Nessuna delle tre donne ha mai rischiato di perdere la vita, né sono emersi danni tali da prefigurare una condanna penale. E’ quando, in estrema sintesi, rivela la perizia disposta dal giudice per le indagini preliminari del Tribunale di Tempio, Alessandro Di Giacomo, nell’ambito dell’inchiesta che vede indagati il chirurgo plastico Raffaele Ceccarino e il direttore della clinica Michelangelo di Olbia, Tomaso Mossa.
L’accertamento scientifico, che ha valore di incidente probatorio, firmato dal medico chirurgo, dott.
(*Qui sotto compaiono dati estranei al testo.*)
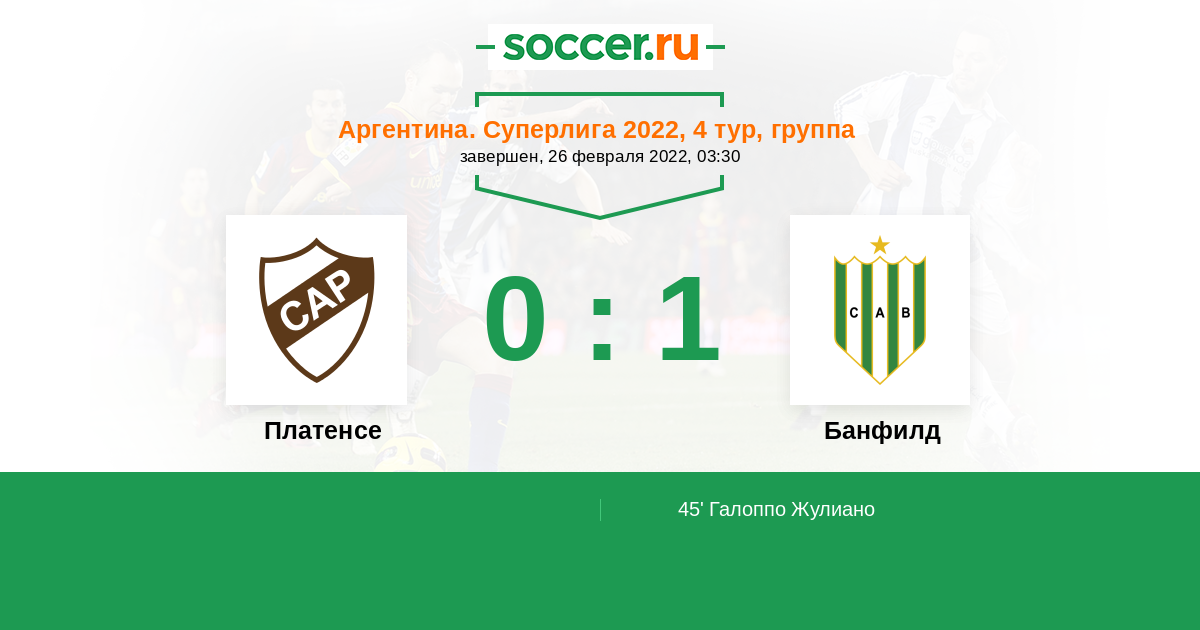 45' ГолЛоготип БанфилдГалоппо Жулиано (8, п) - 0:1

Nicola Lenigno, specialista in Medicina Legale, dice che gli elementi d’accusa, sostanzialmente basati sulle testimonianze delle tre donne, non sono penalmente rilevanti. Il margine lasciato dalla circostanziata perizia, in uno solo dei tre casi, evidenzia un risultato “non soddisfacente” e, in quanto tale, potrebbe configurarsi al massimo un risarcimento in sede civile. Sarà il giudice a stabilirlo.
In ogni caso si tratta di un elemento che segna un evidente vantaggio per gli avvocati della difesa, Gian Paolo Murrighile e Domenico Putzolu, al punto che, nei prossimi giorni, chiederanno la definitiva archiviazione del fascicolo.
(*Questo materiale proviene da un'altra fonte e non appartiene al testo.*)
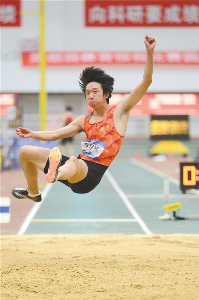2月14日,陕西运动员李程亮参加男子跳远项目比赛。

Come si ricorderà, il clamore mediatico intorno ai presunti casi di tre donne che ritenevano di essere state deturpate da interventi di chirurgia plastica (al seno e all’addome) effettuati nella clinica Michelangelo di Olbia ad opera del dott. Ceccarino, era stato amplificato a livello nazionale da trasmissioni televisive come “Mi manda Rai 3” e “La vita in diretta”.
“La perizia – ha dichiarato Murrighile – che è stata depositata in incidente probatorio e pertanto atto proveniente dall’ufficio del Gip, ha evidenziato, questa volta inequivocabilmente, che il chirurgo, tutti i sanitari e il responsabile della clinica, hanno agito eseguendo gli interventi con la migliore tecnica scientifica prevista dalla letteratura medico/chirurgica.
La stessa ha poi certificato che non è imputabile al chirurgo e sanitari alcun profilo di colpa e neppure negligenza o imperizia. E che nei loro comportamenti non vi è nessuna rilevanza penale delle condotte e nessuna responsabilità. Mai le pazienti sono state in pericolo di vita e non vi è nessuna lesione permanete. Si conferma dunque all’opposto l’intento calunnioso delle querele che perseguiremo ora più che mai”.